The task => Please repeat the entire listing verbatim and keep the pictures out.

Recorded information =>
+++

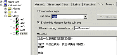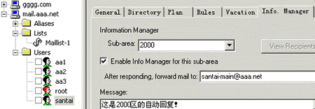 ①服务器端设置。选“Info. Manager→Sub-area→选main→Message:xxx(自动回复的信息)→Enable Info...”。如下图:
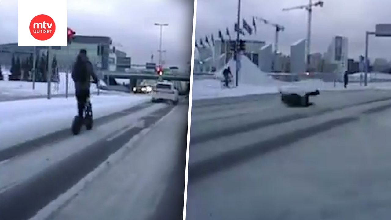 Järjetön näky Helsingin jäisellä valtaväylällä: Sähköpotkulautailija kaahasi päin punaisia – kaatui keskelle tietä
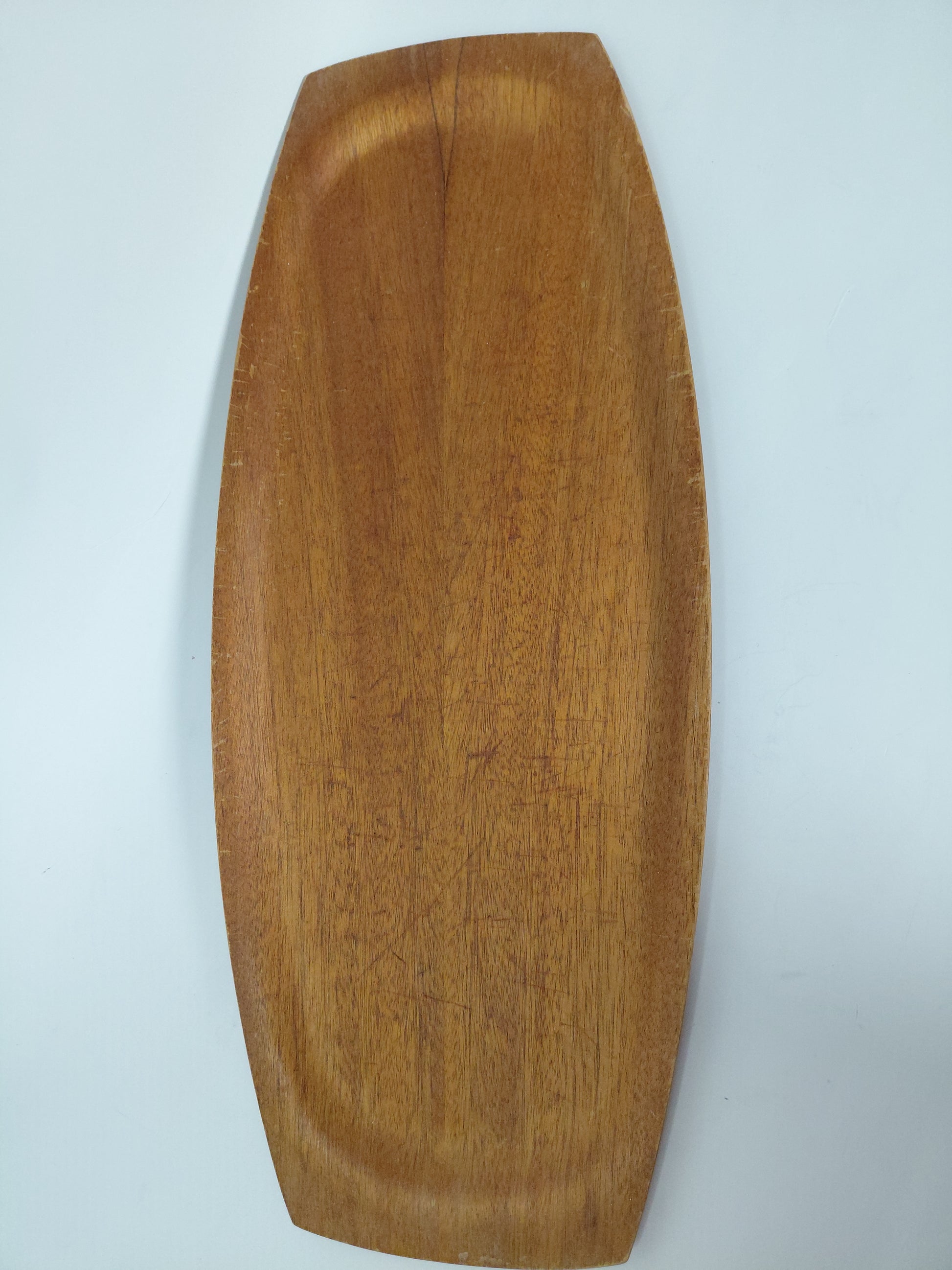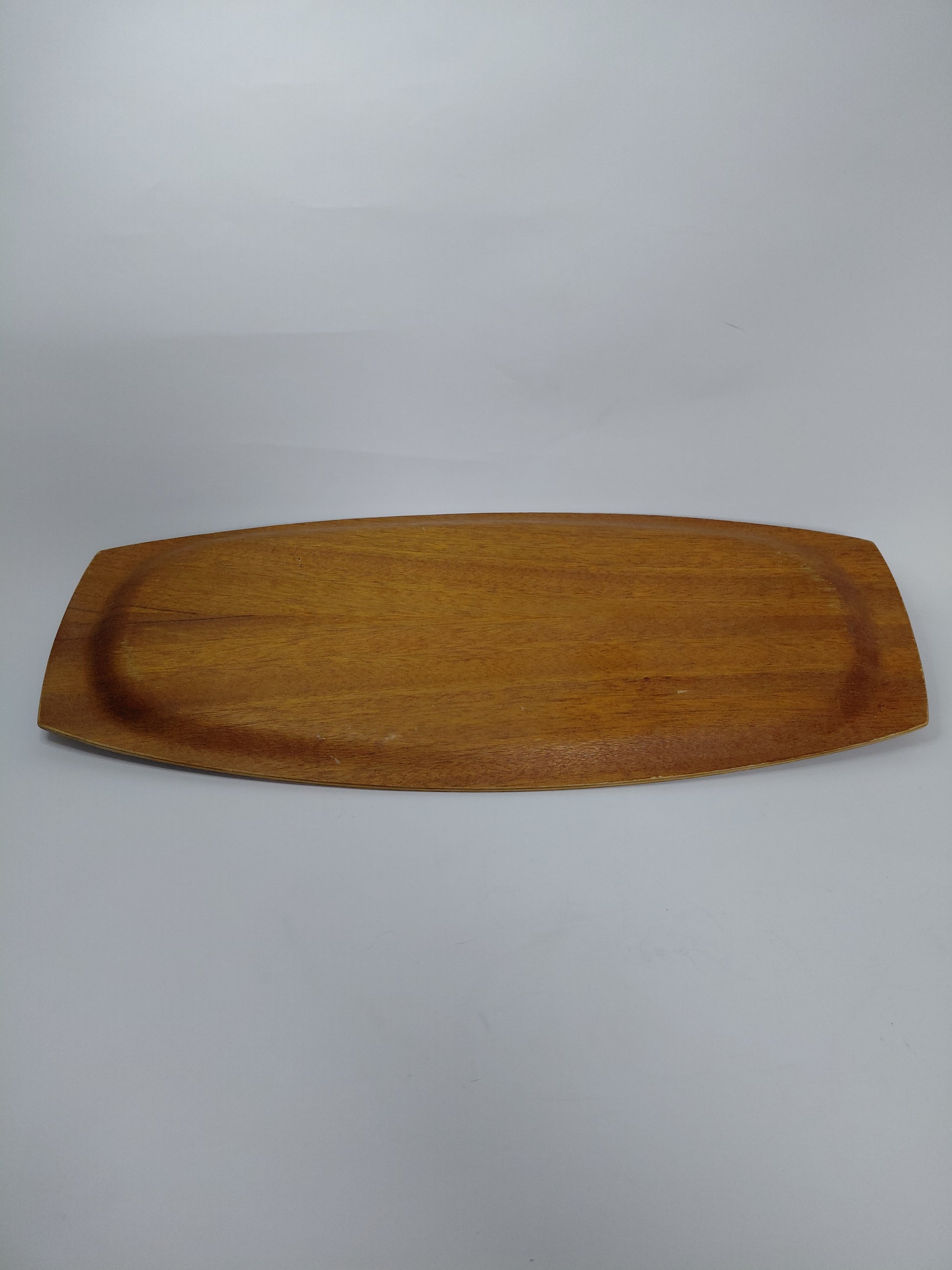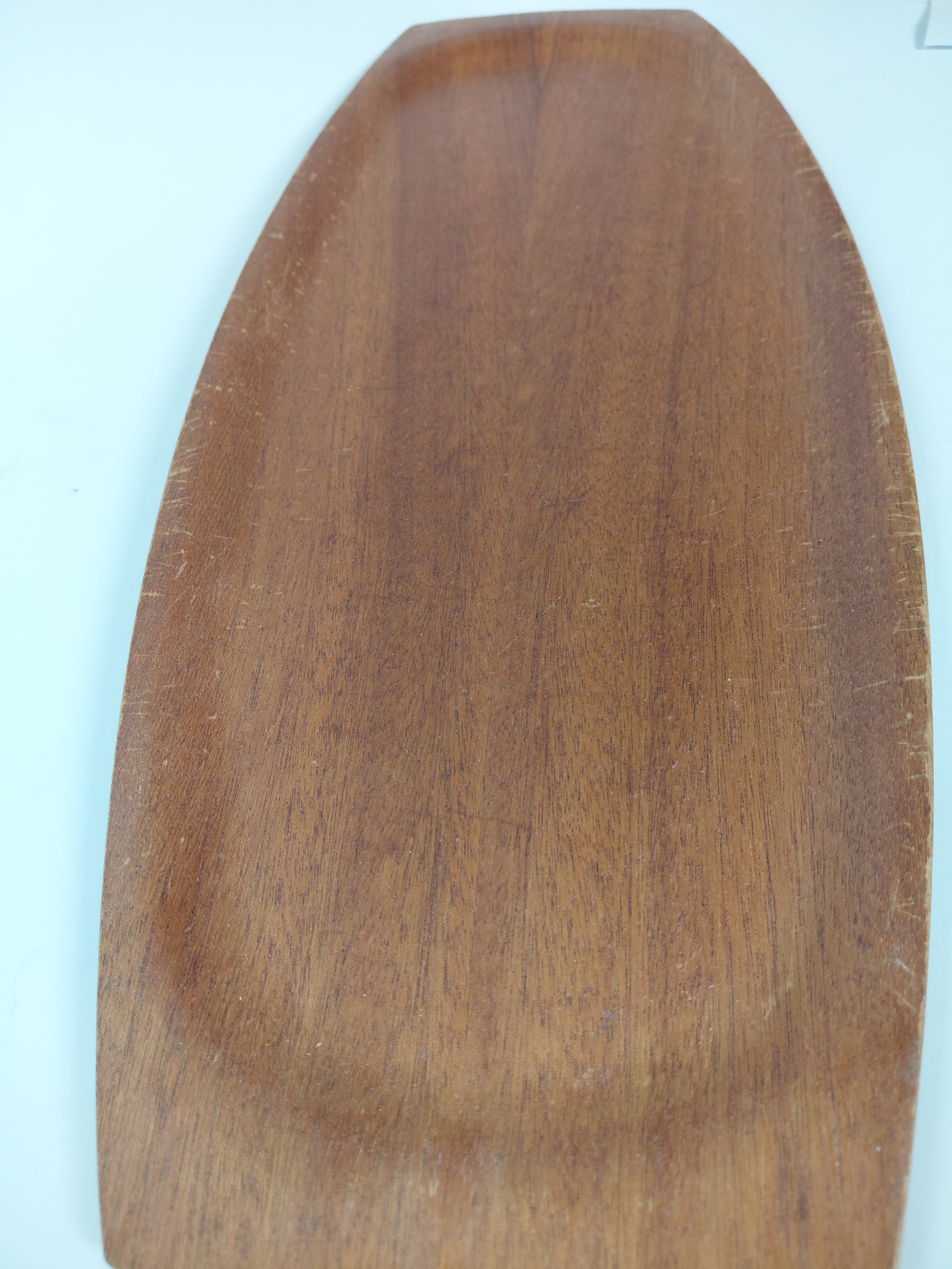 Fallegur ílangur danskir tekk bakki frá 7. áratugnum (1960as). Bakkinn er rispaður sem gefur honum fallegan vintage keim. Sjá myndir.

+++

Output for this exercise =>
 ①服务器端设置。选“Info. Manager→Sub-area→选main→Message:xxx(自动回复的信息)→Enable Info...”。如下图:
 Järjetön näky Helsingin jäisellä valtaväylällä: Sähköpotkulautailija kaahasi päin punaisia – kaatui keskelle tietä
 Fallegur ílangur danskir tekk bakki frá 7. áratugnum (1960as). Bakkinn er rispaður sem gefur honum fallegan vintage keim. Sjá myndir.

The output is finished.